To that end, enterprise companies have taken the lead in using virtualization as a consolidation tool. In a Forrester Research Inc. study released in May and authored by Frank Gillett, a survey base of 179 enterprise hardware purchasing decision makers reported they expect 45% of their x86 servers to be virtual within two years. Thirty-seven percent of a slightly larger pool of 197 listed improved power and cooling as very important factors in making the decision to virtualize.
St. Louis-based MasterCard Worldwide has used virtualization widely to cut hardware costs and lower energy bills. About 45% of the company's x86 servers are virtualized, as are 20% of the its Unix servers.
The company's main data center is huge. MasterCard occupies a 550,000-square-foot data center on 52 acres in O'Fallon, Mo., and has 1.8 petabytes of available storage. The data center is the company's largest and was built from the ground up with energy efficiency in mind, said Jim Hull, group executive, global operations for MasterCard International's global technology and operations group.
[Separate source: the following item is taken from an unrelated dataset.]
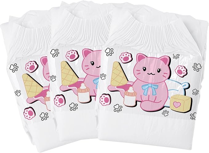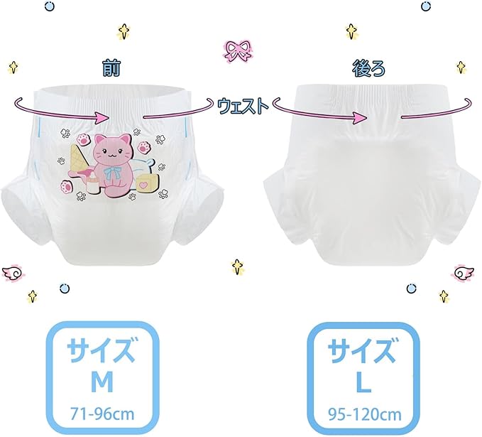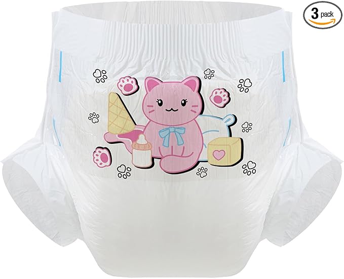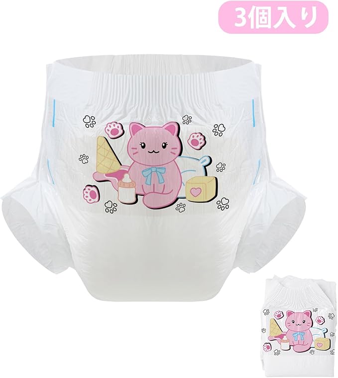 CutiePlusU 大人用おむつ3枚セットサンプル、男女失禁パンツ、ラベル付き、最大夜間吸収率-ホワイトバックプレーン かわいいキティ(L 95-120cm)
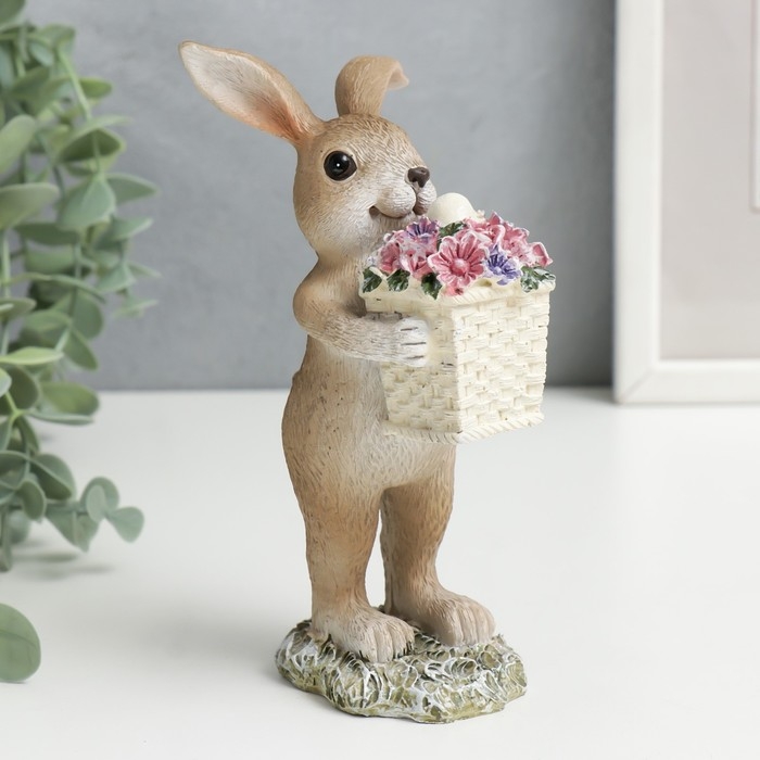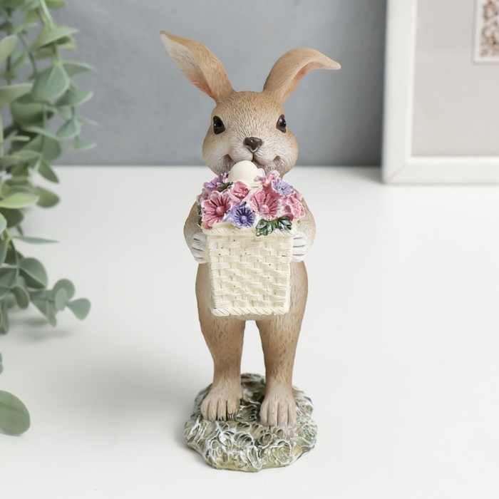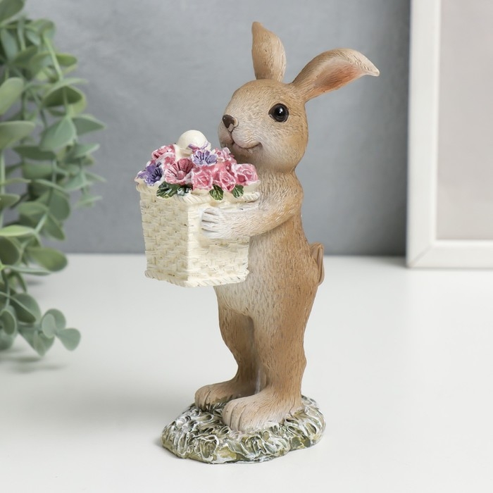 Сувенир полистоун "Зайчик с корзиной цветов" 15х7х8 см

"When we built the data center [in 2001], we built it with sufficient power and air conditioning to accommodate significant growth," Hull said. Specifically, the data center has floors that are raised to 36 inches in the center for increased airflow. The ceiling height has been raised to accommodate server build that goes up and not out, he added. Water-cooling capability is built in for future use if it's needed and the data center uses "hot aisle/cold aisle" cooling for heat dissipation. Power and air conditioning hardware is housed outside the data center.
Blade servers are not a significant part of MasterCard's data center strategy for now. This mirrors the results of Forrester's virtualization survey. In that study, only 18% of 179 hardware decision makers at enterprise companies said they were highly motivated to buy more blade servers in the next two years. Thirty percent simply agreed that they would buy more blade servers during that same period. Vendor lock-in was mentioned as one of the factors for shunning blade servers. Hull concurred: "They're not standardized yet."